TASK: Exclude the images and repeat all remaining entries exactly.
----
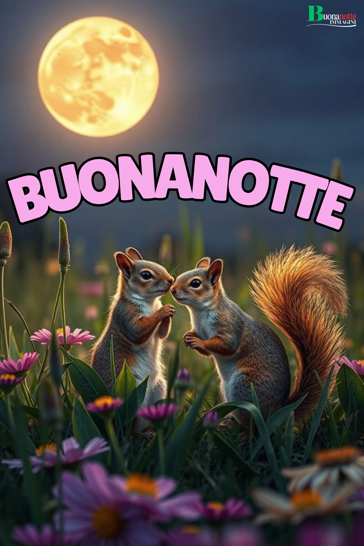 Buona notte buonanotte e sogni d'oro scoiattoli fiori
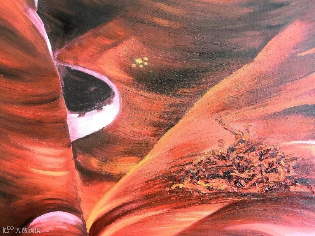 作品的左边是无尽的黑暗,代表了抗日战争时期,革命先烈为我们的祖国做出的伟大牺牲。这段历史尽管有黑暗,但最后是光明的,正如作品黑色上方,渐变为红色,代表着我们祖国的发展欣欣向荣。
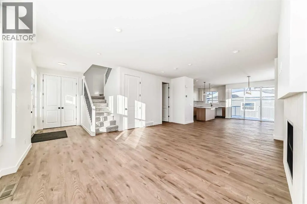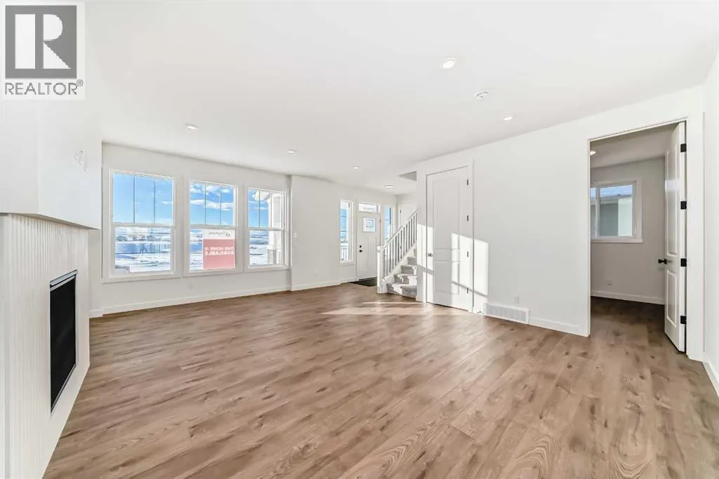 A triple garage included on what is to become one of the most sought after streets in Harmony. Across from very high end luxury homes backing onto the lake in Harmony.. Experience the pinnacle of Rocky View County living in this exceptional new-build, two-storey home nestled in the highly coveted, master-planned community of Harmony, designed for families seeking both luxury and connection. This residence boasts an expansive and functional floor plan featuring three spacious bedrooms and two and a half meticulously finished bathrooms, providing ample space and privacy for the whole family. The main floor is an entertainer's dream, anchored by a cozy gas fireplace in the bright Great Room, complemented by a sophisticated, dedicated Dining Room for formal occasions, and a versatile den perfect for a home office or study area. Ascend the stairs to find the dedicated family retreat: a large Bonus Room offering flexible space for media or play, ensuring the main living area remains serene. The exceptional outdoor amenities include a charming front porch for enjoying your morning coffee and a private rear deck ideal for summer barbecues, leading to the highly functional, oversized triple car garage for secure parking and storage. Beyond your property line, the Harmony community elevates your lifestyle with unparalleled access to nature and recreation, featuring a pristine lake for year-round activities, extensive parks and playgrounds, and a state-of-the-art recreational facility, making this not just a new house, but the foundation for an extraordinary life lived in balance. (id:27476)
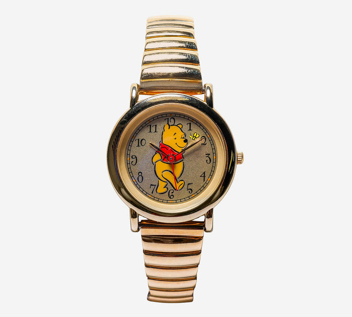 Timex Rewound Winnie the Pooh Gold Colored Metal Bracelet quartz Analog Watch 30mm
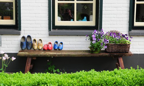 Dutch wooden shoes are seen outside the window of a thatched house in Giethoorn. Photo: Wu Gang/GT
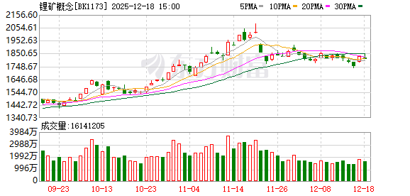 在产业链涨价的大背景下,上游锂矿概念股也就成了资本市场追逐的对象。截至12月17日早盘收盘,年内锂矿概念指数累计涨幅近60%,其中大中矿业、藏格矿业、盛新锂能、紫金矿业等股价纷纷翻倍。
----
PROBLEM SOLUTION:
 Buona notte buonanotte e sogni d'oro scoiattoli fiori
 作品的左边是无尽的黑暗,代表了抗日战争时期,革命先烈为我们的祖国做出的伟大牺牲。这段历史尽管有黑暗,但最后是光明的,正如作品黑色上方,渐变为红色,代表着我们祖国的发展欣欣向荣。
 A triple garage included on what is to become one of the most sought after streets in Harmony. Across from very high end luxury homes backing onto the lake in Harmony.. Experience the pinnacle of Rocky View County living in this exceptional new-build, two-storey home nestled in the highly coveted, master-planned community of Harmony, designed for families seeking both luxury and connection. This residence boasts an expansive and functional floor plan featuring three spacious bedrooms and two and a half meticulously finished bathrooms, providing ample space and privacy for the whole family. The main floor is an entertainer's dream, anchored by a cozy gas fireplace in the bright Great Room, complemented by a sophisticated, dedicated Dining Room for formal occasions, and a versatile den perfect for a home office or study area. Ascend the stairs to find the dedicated family retreat: a large Bonus Room offering flexible space for media or play, ensuring the main living area remains serene. The exceptional outdoor amenities include a charming front porch for enjoying your morning coffee and a private rear deck ideal for summer barbecues, leading to the highly functional, oversized triple car garage for secure parking and storage. Beyond your property line, the Harmony community elevates your lifestyle with unparalleled access to nature and recreation, featuring a pristine lake for year-round activities, extensive parks and playgrounds, and a state-of-the-art recreational facility, making this not just a new house, but the foundation for an extraordinary life lived in balance. (id:27476)
 Timex Rewound Winnie the Pooh Gold Colored Metal Bracelet quartz Analog Watch 30mm
 Dutch wooden shoes are seen outside the window of a thatched house in Giethoorn. Photo: Wu Gang/GT
 在产业链涨价的大背景下,上游锂矿概念股也就成了资本市场追逐的对象。截至12月17日早盘收盘,年内锂矿概念指数累计涨幅近60%,其中大中矿业、藏格矿业、盛新锂能、紫金矿业等股价纷纷翻倍。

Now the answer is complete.